Data segment:

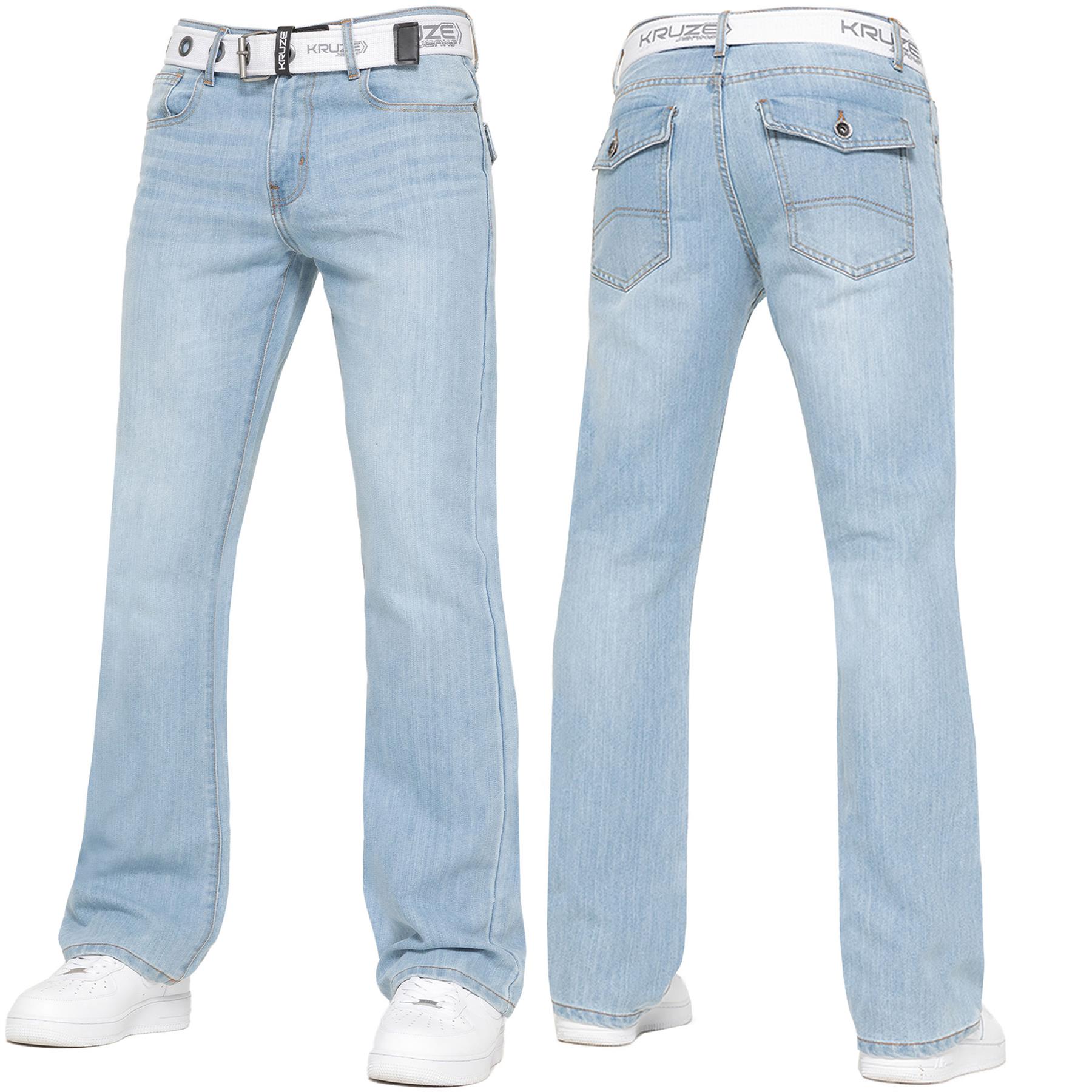 Kruze Hommes Jeans Bootcut Jambe Large Évasé Jeans Ceinture Pantalon UK Taille
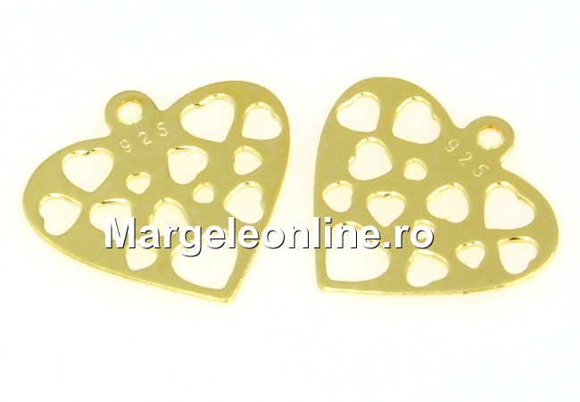Pandantiv inima cu inimioare, argint 925 placat cu aur, marcat, dimensiune: 12x12.5mm. Pretul se refera la 1 bucata.
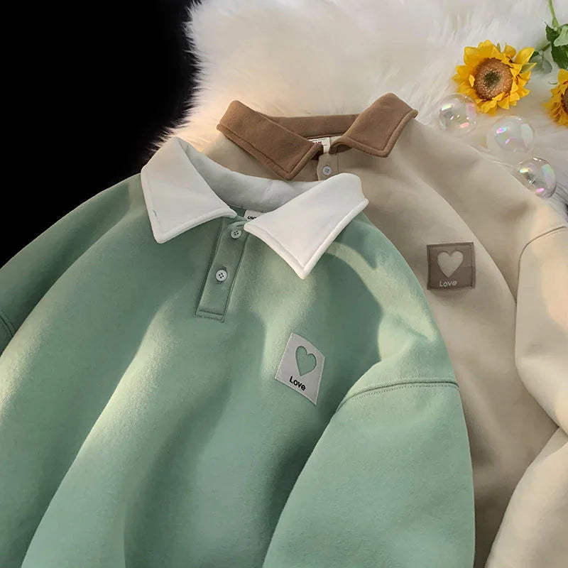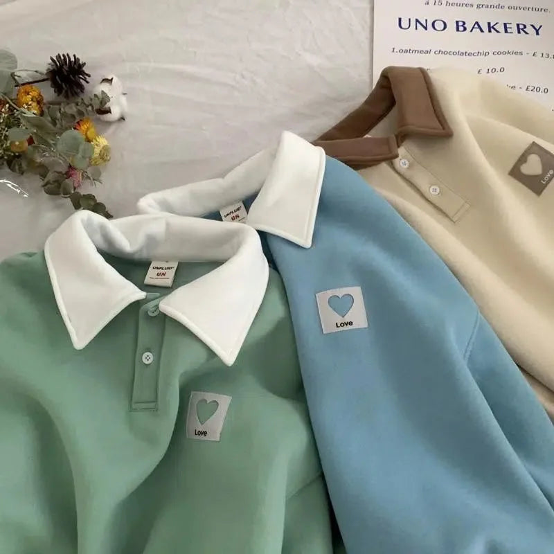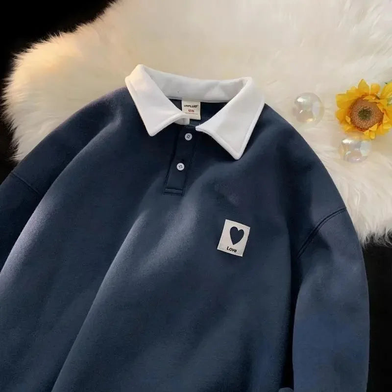 maoxiangshop Polo Collar Hoodies Heart Pattern Women Sweatshirt Thick Warm Autumn Vintage Female Hoodies Casual Long Sleeve Oversized Tops

Exercise details: Would you restate, word for word, the lines from the one holding "Pandantiv inima cu" through the end of the material above? Omit the pictures.

Exercise response:
Pandantiv inima cu inimioare, argint 925 placat cu aur, marcat, dimensiune: 12x12.5mm. Pretul se refera la 1 bucata.
 maoxiangshop Polo Collar Hoodies Heart Pattern Women Sweatshirt Thick Warm Autumn Vintage Female Hoodies Casual Long Sleeve Oversized Tops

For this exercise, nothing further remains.